Many sufferers from chronic neck pain and migraines don’t know why the pain persists, but they do know that a gentle massage on the neck muscles can make life more bearable. That’s just what the new Israeli company Headway is planning to do.
The company, which is located within the Misgav Venture Accelerator Incubator, has developed a device called the Occiflex to give gentle massage therapy to the neck muscles of people with chronic neck and head pain. Using biofeedback methods, the device can be an add-on to a physical therapist’s treatment table and improve the quality of life for the 30 million Americans who suffer from migraine headaches.

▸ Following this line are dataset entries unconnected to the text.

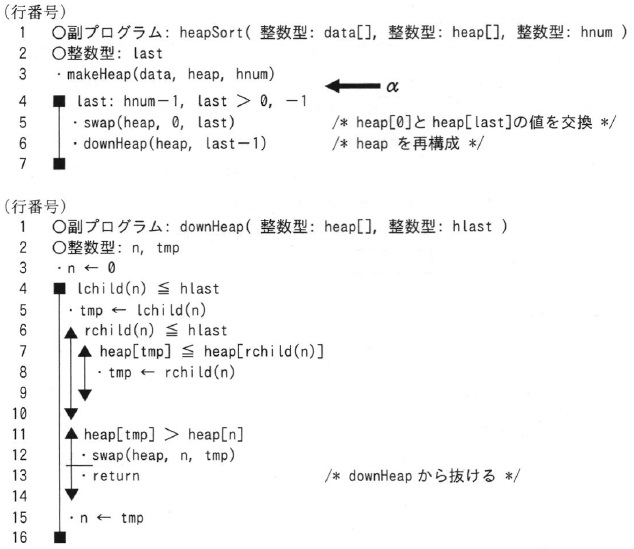 ![]() 図1 ヒープの例 〔プログラム1の説明〕 (1) 配列の要素番号は,Ø から始まる。 (2) 副プログラム makeHeap は,整数型の1次元配列 data に格納されている hnum 個 (hnum > 0)のデータを,次の@〜Bの規則で整数型の1次元配列 heap に格納して, ヒープを配列で実現する。この状態を,“配列 heap は,ヒープの性質を満たしている”という。
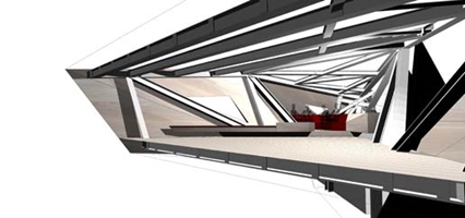 Opvallend aan de ingreep van UN Studio is het scherpe contrast met de bunker. Waar de laatste zich presenteert als een monolithische massa, daar openbaart de hightech toevoeging zich aan de binnenkant als een lichte structuur, waarvan de staalconstructie nog zichtbaar is tussen de houten wandafwerking. De toevoeging lijkt op een vreemd wezen, dat bezit heeft genomen van een moederlichaam. De ruwe verschijning van de ‘host’ steekt prachtig af tegen de gladde huid van de toevoeging.
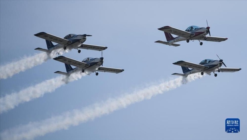 11月23日,山河飛行表演隊在2023亞洲通用航空展開幕式上進(jìn)行飛行表演。

Currently people combat migraines with heavy drugs and invasive procedures or opt for alternative treatments such as acupuncture. But Headway’s Occiflex mimics the pain relieving hands-on therapy given by physicians and physical therapists. The result is therapeutic.
Occiflex is equipped with a special head cradling high-tech device that is controlled by a computer. The patient lies down on the table and the Occiflex cradle moves the head gently along a predefined 3D course — a line of movement which varies from patient to patient and which has been optimized to relieve tension in the muscles.
Stopping the vicious cycle in headaches
“Migraines are treated with powerful drugs,” Steve Rhodes, CEO of the Misgav incubator, tells ISRAEL21c. The Occiflex, he explains, tackles the “vicious cycle” of muscle contraction in the neck. “This relaxes muscles and reduces pain.”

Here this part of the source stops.